AIM OF THE EXERCISE -
Repeat only the stretch of lines below that runs from the line with "Decoratieve taartdozen van" through the line with "Belge (NBN) |", unaltered.

TASK INPUT -
=== Begin Enclosure ===

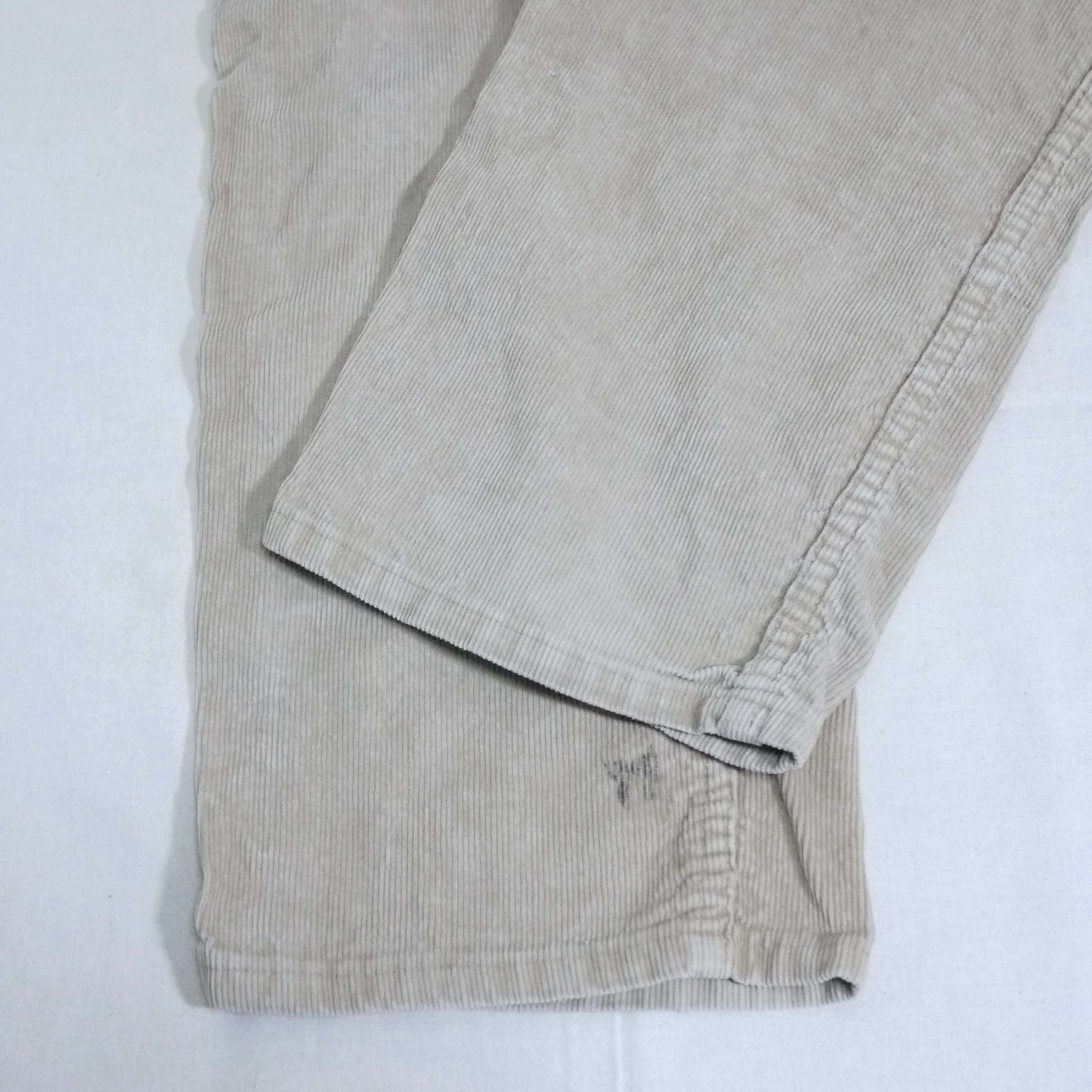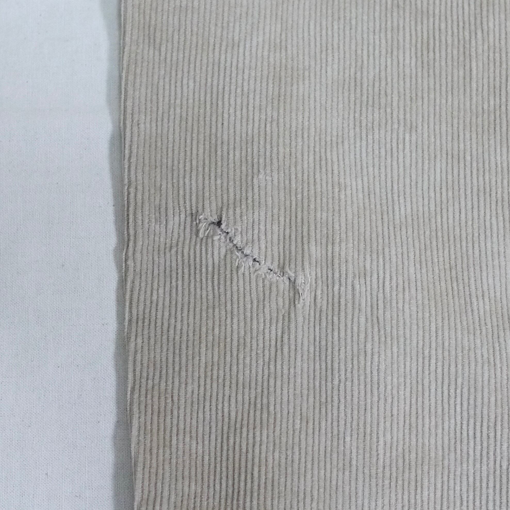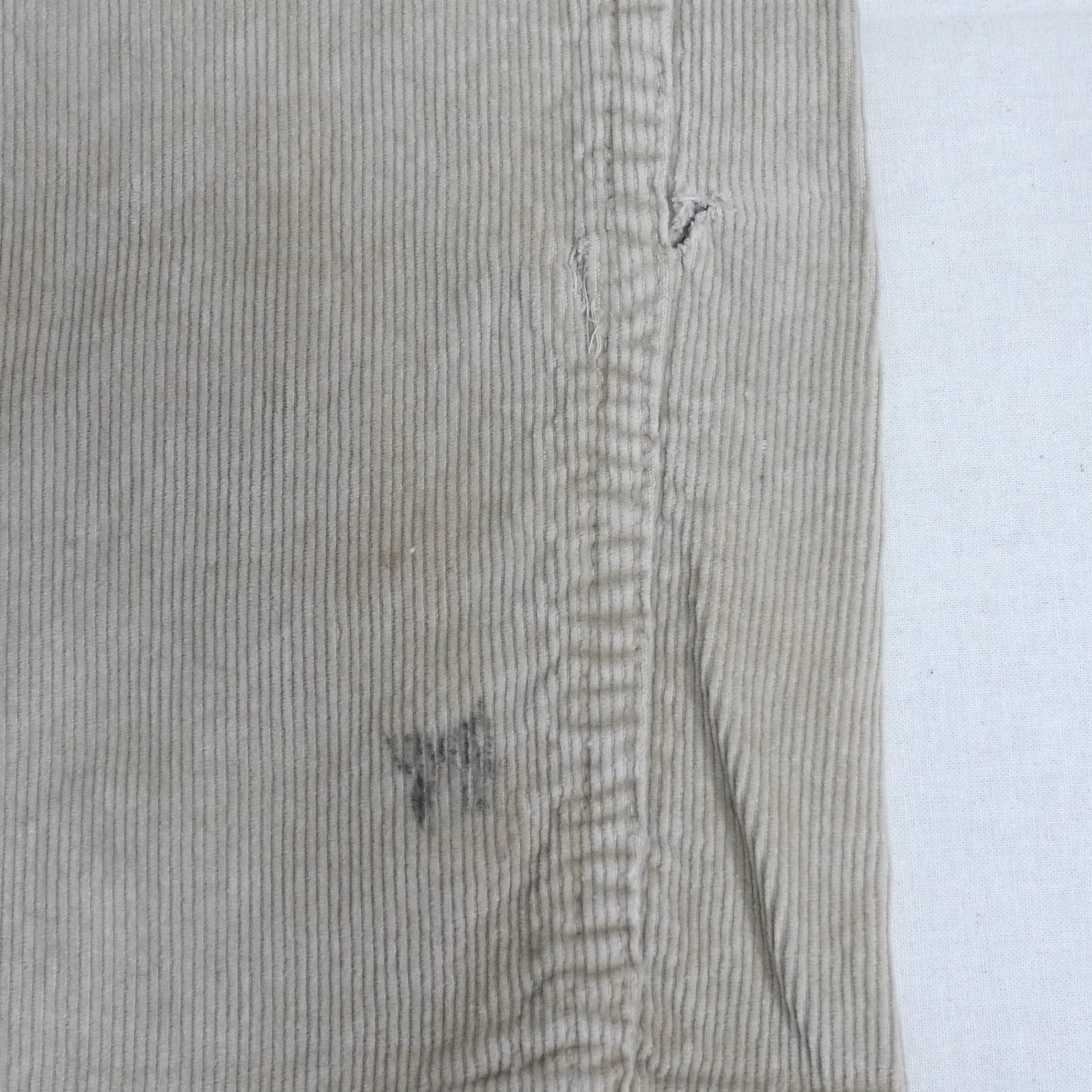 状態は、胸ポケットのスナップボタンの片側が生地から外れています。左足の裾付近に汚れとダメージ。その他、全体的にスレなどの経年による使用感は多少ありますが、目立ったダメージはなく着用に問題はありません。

=== End Enclosure ===
=== Begin Enclosure ===

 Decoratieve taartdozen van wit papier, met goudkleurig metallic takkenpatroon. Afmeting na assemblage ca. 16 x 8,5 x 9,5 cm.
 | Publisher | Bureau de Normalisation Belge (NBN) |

=== End Enclosure ===

WORKED SOLUTION -
 Decoratieve taartdozen van wit papier, met goudkleurig metallic takkenpatroon. Afmeting na assemblage ca. 16 x 8,5 x 9,5 cm.
 | Publisher | Bureau de Normalisation Belge (NBN) |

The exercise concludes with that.